Financial aid from Iran, on the other hand, has been mostly diverted to military projects. Tehran also played a key role in helping Hamas produce rockets domestically, inside Gaza. In 2012, the head of the Revolutionary Guard admitted that his forces taught Hamas how to produce a variant of the Fajr-5, a long-range projectile that has been used to strike the Tel Aviv suburbs. The resumption of Iranian aid would give the Qassam Brigades access to both cash and blueprints. “It’s become much more difficult for [Hamas] to rearm recently,” an Israeli intelligence official told me. “So they’ll be looking for the next big thing.”
The pressure on Hamas might also cause a rupture with Egypt, which has been deeply hostile toward Hamas since President Abdel Fattah el-Sisi seized power in a 2013 coup. He has rightly accused the group of collaborating with the Islamic State branch on Sinai, which controls what little remains of a once-thriving cross-border tunnel trade. “The issues in this relationship go back a long time, and they’ve been hard to fix,” Daoud Shihab, a member of Islamic Jihad, which has helped to mediate between the two sides, told me.

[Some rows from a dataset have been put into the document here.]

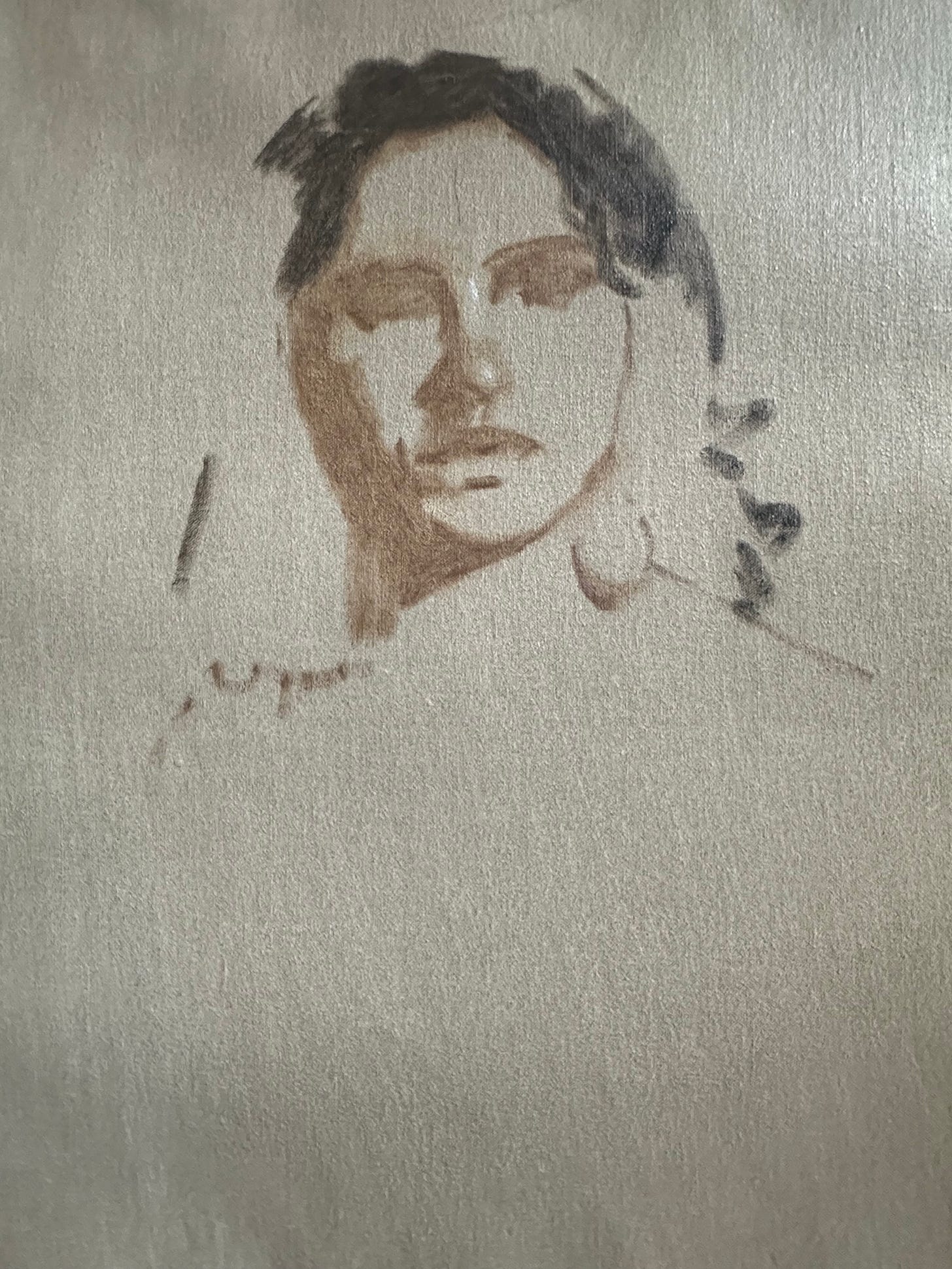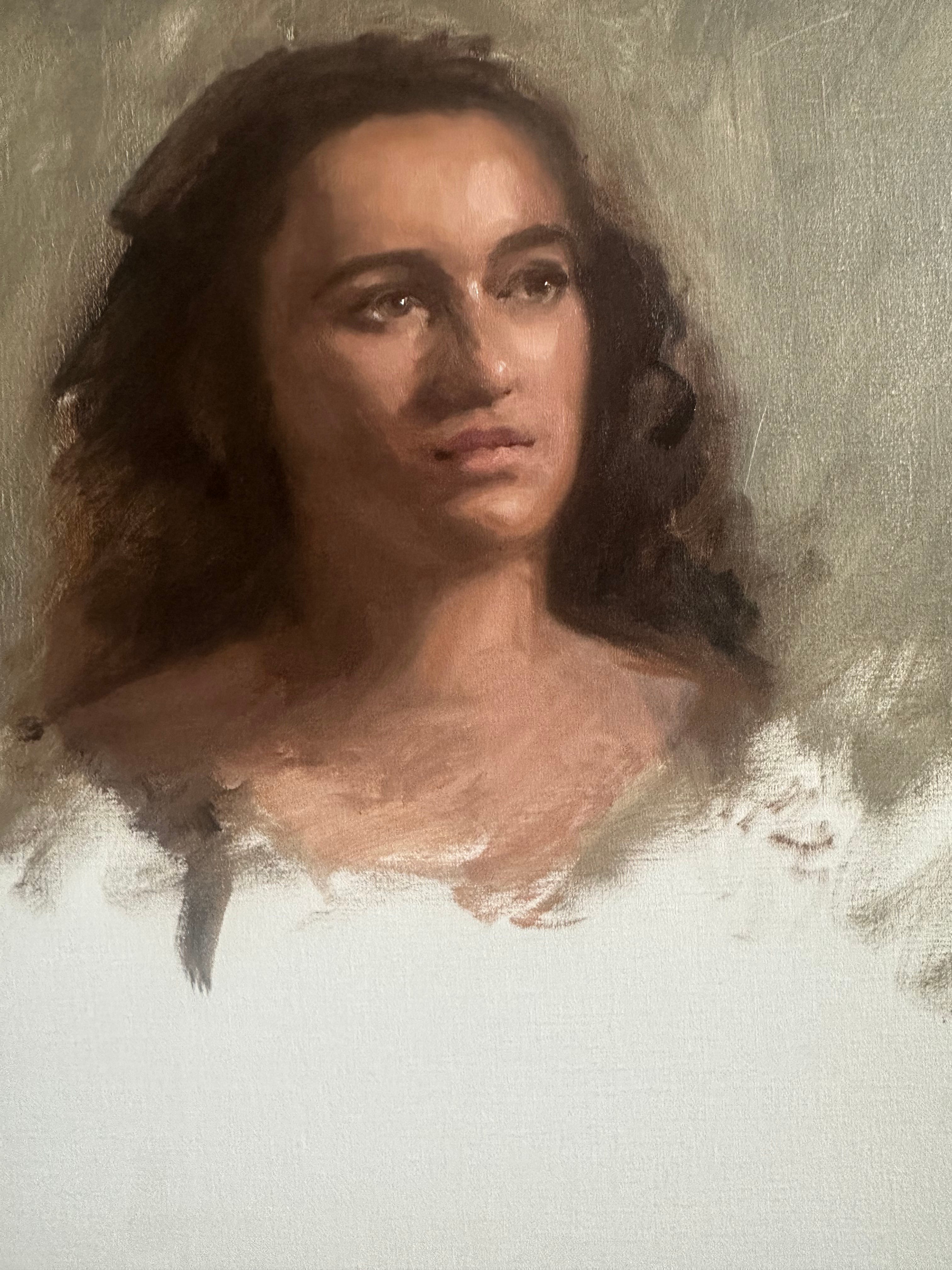 After deciding upon the margins of their subject, the painters step rhythmically backwards and forwards, using a traditional method called sight-size. Walking five paces back, they would look at me, look at their canvas —tilting their head cat-like— then walk five paces forward, set down one stroke, then take five paces backwards again. One of the painters while walking towards me would use his paintbrush as a kind of conductor’s baton, making hand movements that moved over my face to the canvas, mimicking the lines and shapes he wanted to replicate there. Often, after placing the lines down, he would make an outburst of dissatisfaction; what I thought of this, as I sat very still, was that the in-between space was the most generative for this particular painter, that this was the place where he was most fully in cohesion with his artistic vision. It was in that pose, holding his arm like a conductor’s baton, between having made a mark and not having made a mark, where he seemed most at peace with what he was doing. Otherwise, he seemed to be completely unhappy. In the corner of my eye, the other painter with the searing gaze worked calmly. I did not hear her sigh once.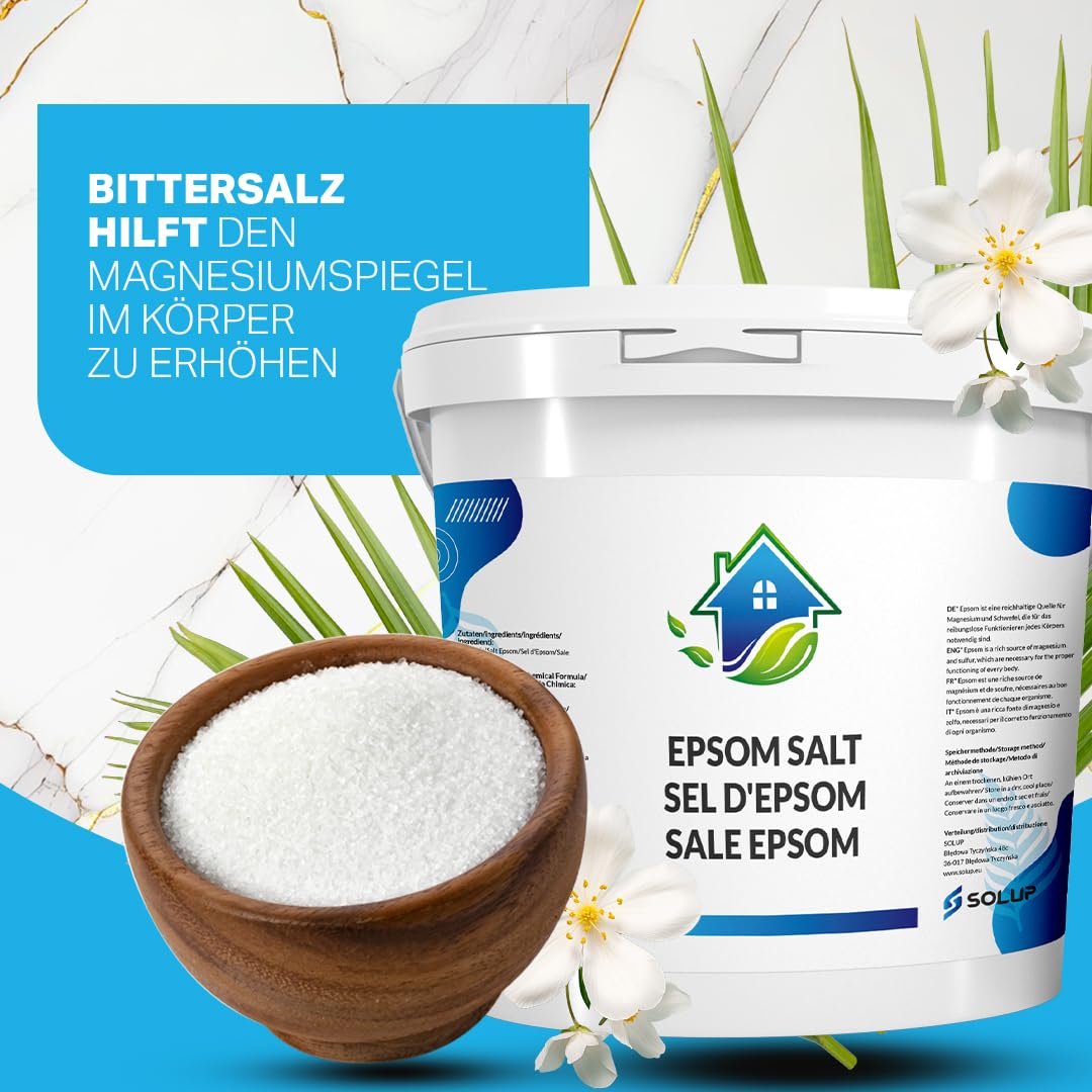 Entdecken Sie das Geheimnis eines gesunden und ausgeglichenen Lebensstils mit unserem hochwertigen Epsom Salz 4 Kg. Unser Badesalz bietet nicht nur ein luxuriöses Spa-Erlebnis, sondern ist auch ein vielseitiger Helfer für Gesundheit, Schönheit und Gartenpflege. Unser Epsom Salz, gewonnen aus reinem Magnesiumsulfat, ist ein Allrounder für Ihr Wohlbefinden. Tauchen Sie ein in ein entspannendes Bad und lassen Sie die Sorgen des Alltags hinter sich. Die reinigende Wirkung des Bittersalzes hilft Ihrer Haut, ihre natürliche Balance wiederzufinden und fördert einen strahlenden Teint. Gleichzeitig unterstützt das Epsom Salz Badesalz die Regeneration Ihrer Muskeln nach körperlicher Anstrengung, lindert Gelenkschmerzen und sorgt für tiefgreifende Entspannung. Neben der körperlichen Erholung ist unser Produkt ein effektives Mittel zur Darmreinigung. Epsom Salz zur Darmreinigung kann dabei helfen, Giftstoffe aus dem Körper zu entfernen und die Verdauung zu fördern. Erleben Sie ein Gefühl von Leichtigkeit und gesteigerter Energie. Auch Ihre Pflanzen werden es Ihnen danken. Verwenden Sie unser Bittersalz als natürlichen Dünger, um das Wachstum Ihrer Pflanzen zu fördern und die Bodenqualität zu verbessern. Es ist die perfekte Wahl für alle Gartenliebhaber, die auf natürliche Produkte setzen. Für die tägliche Pflege bieten wir Fussbadesalz, das Ihre Füsse verwöhnt und belebt. Nach einem langen Tag sind ein Fussbad und die entspannende Wirkung unseres Salzes genau das Richtige, um Schwellungen zu reduzieren und müde Füsse zu revitalisieren. Unser Epsom Salz 10kg Paket ist die ideale Grösse für regelmässige Anwendungen. Sie erhalten ein Produkt von höchster Qualität, das vielfältige Bedürfnisse abdeckt – vom entspannenden Bad über die Haut- und Haarpflege bis hin zur Gartenpflege. Vertrauen Sie auf die Kraft der Natur mit unserem Epsom Salz. Es ist mehr als nur ein Badesalz; es ist ein Weg zu einem gesünderen, ausgeglicheneren und schöneren Leben.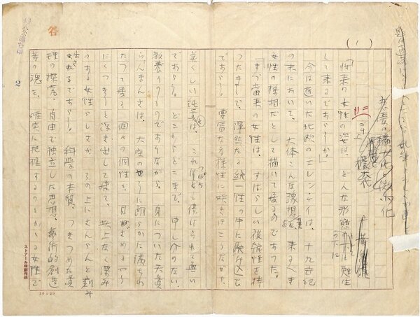 • 解説 『恋愛の拡大化と微小化』冒頭 ペン書 400字詰原稿用紙2枚未完 破れ 薄紙貼付 「婦人公論」掲載。(種別)資料 #八木書店近代自筆物/1.草稿類 #94号近代文学特輯 code08892 ※自筆物につきましては、毎月25日前後に新蒐品を追加しております。PDF形式で御覧になりたい方は https://company.books-yagi.co.jp/archives/news/10928 を参照ください。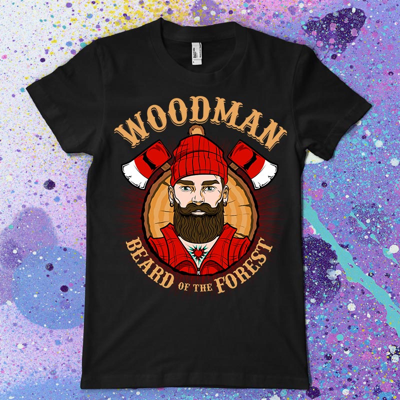 Woodman t-shirt design features a Lumberjack design detailed screen print now available for Adobe Illustrator, Adobe Photoshop and Corel Draw and can be used for digital printing and screenprinting.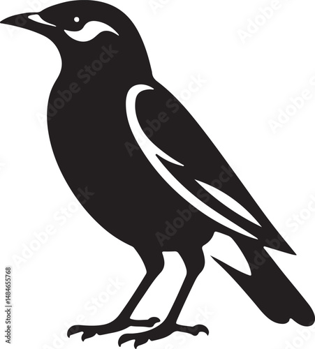 Myna Bird Black Silhouette Vector, Exotic Bird Clipart & Wildlife Graphic Design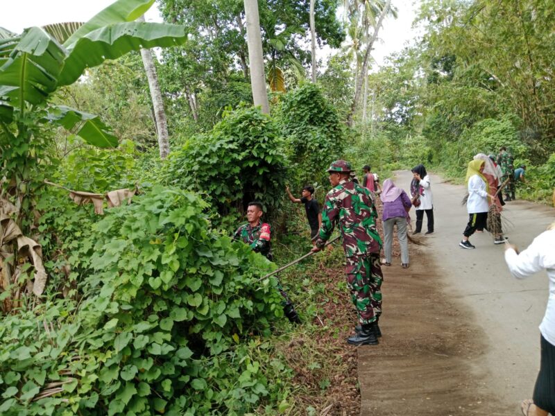 Budayakan Gotong Royong Bersama Warga, Koramil 1426-07/Pattallassang Bersihkan Lingkungan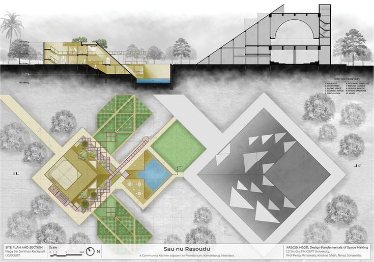 The bold use of red-colored steel structural elements contrasts with the subdued grey concrete, injecting vibrancy and visual intrigue. The circulation is designed as an experiential journey, beginning at the approach road near Kalagoda Circle, meandering through the community kitchen, around the Kund, and culminating at the planetarium - fostering a deeper interaction with the landscape and the built environment.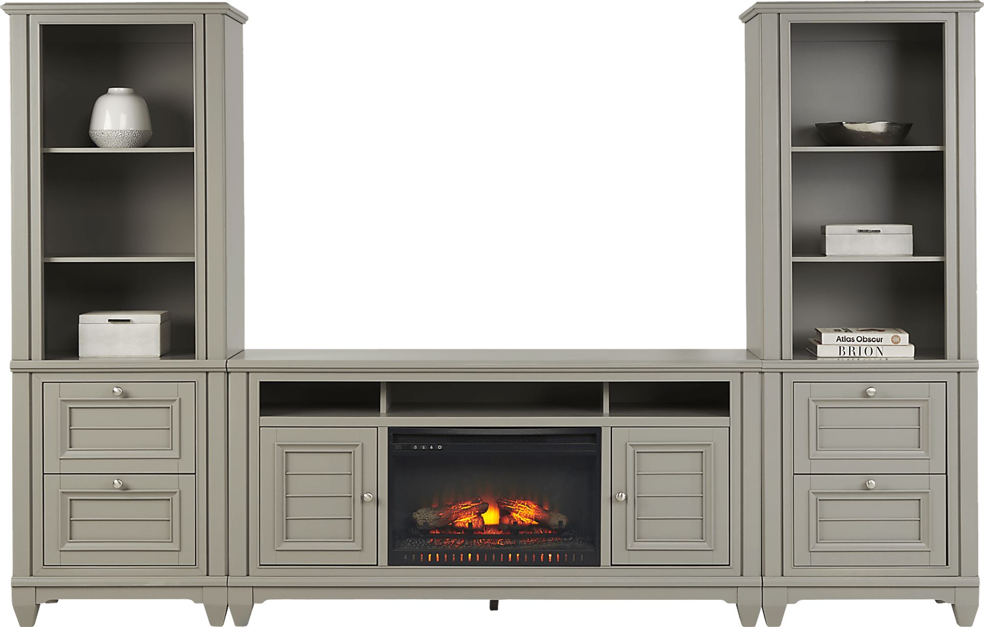 Hilton Head Gray 4 Pc Wall Unit With 66 In. Console And Electric Log Fireplace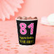 Este alegre diseño de pegatina cuadrado con temática de cumpleaños cuenta con un gran número "81", con rayas rosa claro y rosa oscuro. También incluye el mensaje "Feliz cumpleaños número 81", y un nombre personalizado. El fondo es negro de color. Joyosos vasos de papel con temas de cumpleaños como este podrían ser usados en una fiesta de cumpleaños que celebra el 81 cumpleaños de alguien. [~Z0000580]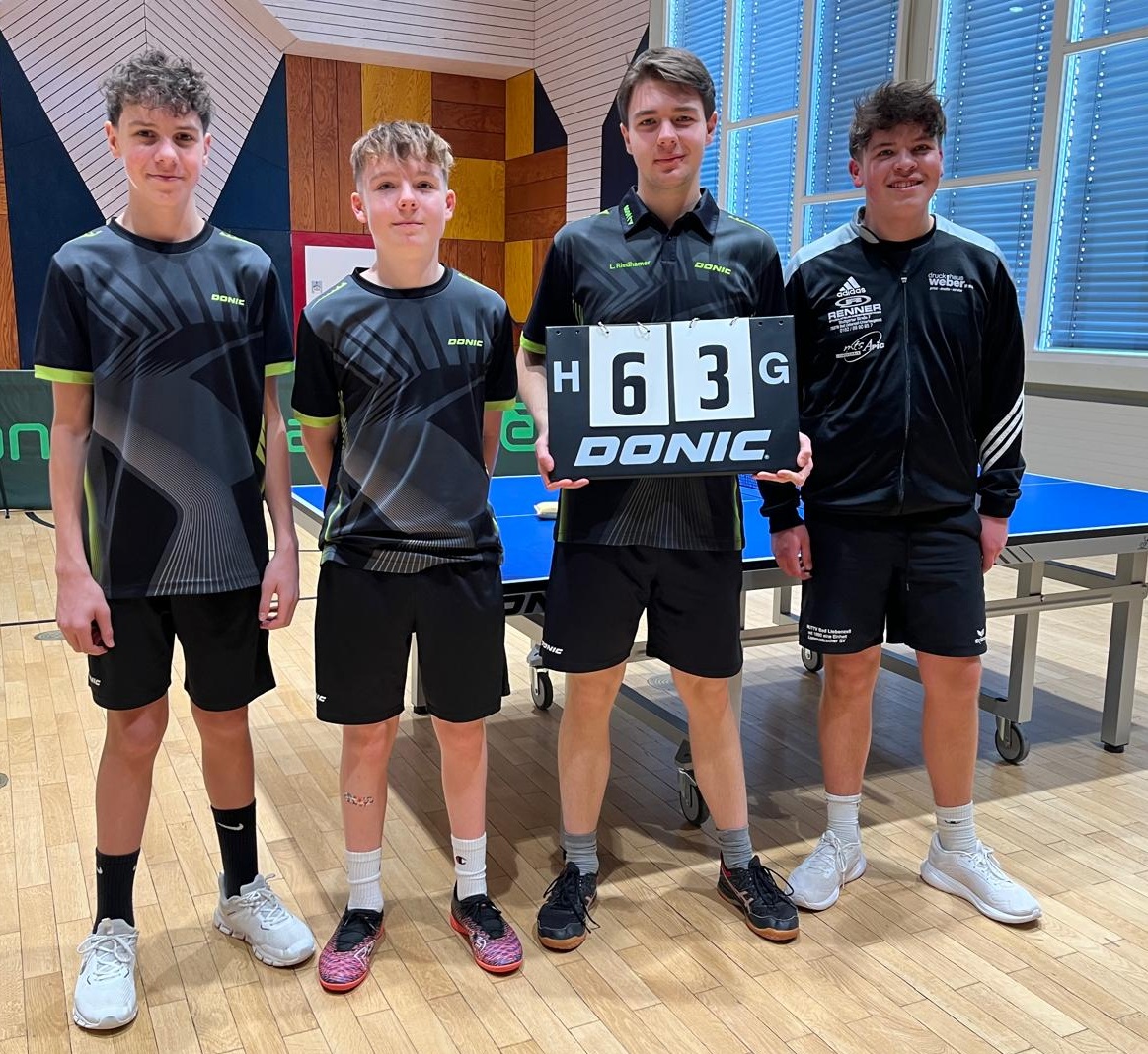 In den Eingangsdoppeln konnten Lasse / Jona R. das gegnerische Doppel 1 bezwingen und den Punkt zum 1:1 holen. Vorne konnten Lasse und Jona W. mit 2 weiteren Siegen die Führung zum 3:1 ausbauen. Im hinteren Paarkreuz war Simon erfolgreich und konnte den Vorsprung zum 4:2 halten. Vorne war abermals Lasse erfolgreich und erhöhte auf 5:2. Jona R. konnte mit seinem Sieg den 6:3 Endstand herstellen. Mit 4:0 Punkten ist unsere Jugend II aktueller Tabellenführer der Bezirksklasse.
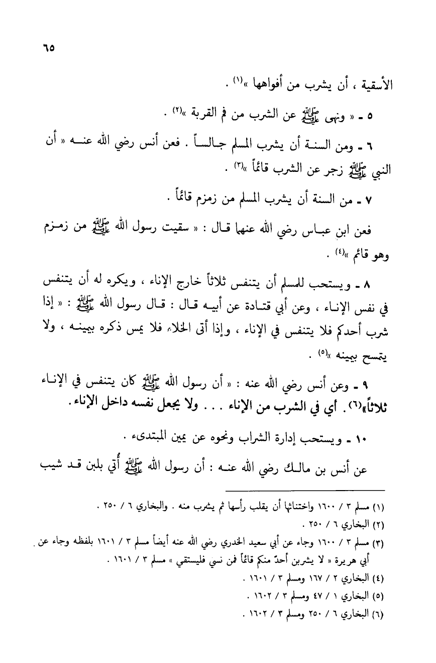 6 - ومن السنة أن يشرب المسلم جالساً. فعن أنس رضى الله عنه "أن النبي - صلى الله عليه وسلم - زجر عن الشرب قائماً" (¬3).

Earlier this year, however, the talks between Egypt and Hamas finally started to bear fruit. Hamas agreed to stop sheltering jihadists, and publicly cut ties with the Muslim Brotherhood. Egypt has allowed some commercial traffic across the Gaza border for the first time in a decade. It should be a win-win for both sides. But boosting the Qassam Brigades, which relies on the smuggling tunnels to import arms, threatens to upset the fragile détente.
The timing of all this could not be worse, with Hamas already under pressure from the electricity crisis. Over the past three months, Mahmoud Abbas, the Palestinian president, has also reduced the salaries paid to tens of thousands of civil servants in Gaza, and suspended shipments of medicine and baby formula to hospitals. The public is seething.
Qatar has already expelled several Hamas officials, including Saleh al-Arouri, a prominent figure from the military wing. Israel accuses him of plotting attacks in the occupied West Bank (a charge his colleagues do not dispute). Sources in Gaza say Hamas pocketed millions by charging families for Qatari-built homes, which were meant to be distributed free of charge. The United States and its allies could press Qatar on these issues—but a complete severance of ties, as the Gulf states have so far demanded, would have dire consequences.
Doha may yet accede to its neighbors’ demands. Israel and its allies would see this as a victory: Avigdor Lieberman, the Israeli defense minister, said the crisis gives Israel new opportunities to work with Arab states; President Trump continues to take credit for starting it. Their optimism may not last.